Film,orta-üst sınıf entellektüel bir Fransız ailesinin (Laurent ailesi) parlak,huzurlu ve korunaklı bir yaşamının altında geçmiş ile ilintili gelişen bir dizi tedirgin olayların başlamasıyla açılıyor.Bu tedirginliğe neden olan ise,ailenin günlük yaşamlarında sıradan ritüellerin kayıt altına alınıp aileye gönderilen (kim tarafından olduğu belli olmayan) kasetler ve kapıya bırakılan elle çizilmiş basit ama ürkütücü resimler.Bu döngü uzunca bir süre aynı olağanlıkta ama çeşitli şekillerde devam ediyor.Bir TV programında edebiyat sunuculuğu yapan ve işinin sürekliliğini devam ettirebilmesi için 'izlenmesi' gereken George,sıradan günlük olayalarının bir başkası tarafından kendisine izlenmesi için verildiğinde yaşam akışı bir anda altüst oluyor.Bu tuhaf ve olağandışı durumların üstüne gidip,bir an önce güvenli gördüğü yaşamına geri dönmek istediğinde ise,karşısına 1945 yılında yaşanmış Cezayir olaylarının kanlı mızrağının ucu çıkıyor.
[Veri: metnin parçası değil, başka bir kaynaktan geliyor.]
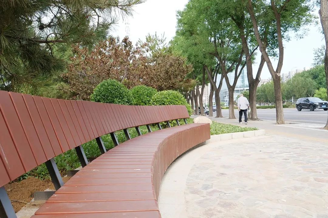 记者在城南体育中心东侧的顺康路看到,曾经封闭的边界被打通,栽种了多种绿植,安装了休闲座椅,居民通行更加顺畅。错落有致的绿植与平坦整洁的步道相得益彰,共同勾勒出花园式的街道空间。

Cezayir savaşında annesi ve babası tarafından ayrı düşen ve George'un ailesi tarafından evlatlık alınan Majid,George'un iftiraları ile aile tarafından bir süre sonra kovuluyor.Bu olay,George'un sonraki yaşamlarında halı altına ittiği,varlığını tamemen olmasa da kısmen unutacağı bir silik anı olarak kalıyor.Kasetler ve resimlerin izlerini takibe soyunan George,Majid ile yıllar sonra tekrar karşılaşıyor.Silik anılar berraklaşmaya başladığı esnada,George yüzleşme anını 'inkar' maskesine çevirerek olayın üzerinden hızlıca atlamak istiyor.
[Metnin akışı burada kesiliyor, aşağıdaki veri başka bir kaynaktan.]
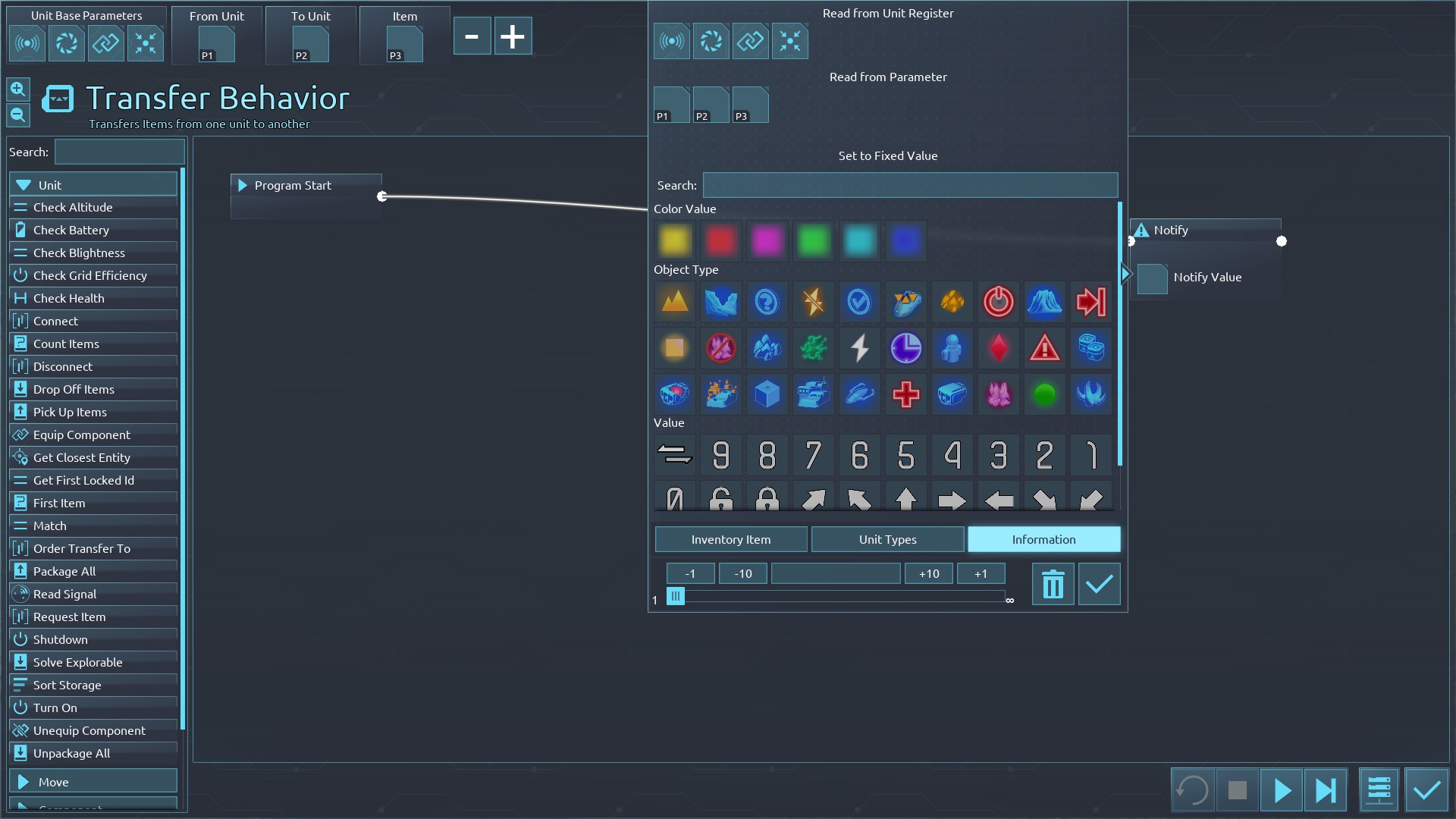| 591 | 🙂 | Suggestion | Add an option to make custom notify messages not with icons only, but with a player text strings too please (a simple plain texts like "Secret ore found!" or maybe more complex parametrical ones like Structure/Unit with additional info like Me(Name).battery.percent to show current battery ratio of unit battery in percents Or Me(Name) + InventorySlots(free) to show how many free slots of capacity structure has, etc. | 2023-08-18 22:49:59 | |

Ailenin-özellikle de George'un-sıcak ve huzurlu ortamını sekteye uğratan eylemler ve ailenin küçük çocuğunun eve gelmemesinden dolayı duyulan paniğin yaşandığı bir gecenin ev atmosferinde açık bir televizyon gözümüze çarpar.George ve Anna,televizyona sırtları dönük bir biçimde oturup durum etrafında kaygılarını yaşamaktadırlar.Televizyonda ise,Irak işgalinin yarattığı yıkım ve acı manzaraları yaşanmaktadır.Tıpkı bir Cezayir savaşında olduğu gibi ucu Laurent gibi ailelerin yaşamlarına sirayet edebilecek acı manzaralar...Haneke'nın 'kamera dili' artık konuşmaya başlamıştır.Kamera geçmiş,şimdiki ve gelecek ile kurduğu zamansızlığı dört duvar arasında gözlemektedir.Geçmiş,Cezayir Savaşı...Şiimdiki,George ve Anna'nın duygu ve hisleri..gelecek ise bütün belriszliği ile uzanan Irak işgalidir...Haneke'nin 'kamera dili'nin lal kesildiği sadece varlığnıı duymaktan,düşünmekten korkar olunan görüntüleri gözlerimizin önüne getirdiği gerçeği karşında,'Saklı' olanın aslında hiçde 'saklı' olmadığını anlamaya başlarız.
Artık yazının başına dönebiliriz sanıyorum bakalım ne diyor:”Michael Haneke'nin efsane filmi 'Saklı (Cache)'nın final sahnesinde kamera,onlarca insanın geniş bir okul meydanında bulunduğu bir alanı kadraja alır.Sabit planla konumlandırılmış kamera, fazla dikkat çekmeyen bir kalabalığın sakin ve düzenli hareketlerini izler.Kalabalığın içinde görünen sadece filmin iki karakterinin(George'un ve Majid'in oğlu) ne olduğunu bilmediğimiz bir konu hakkında konuşmalarıdır...”
Herşey oldukça açık değil mi,ne dersiniz?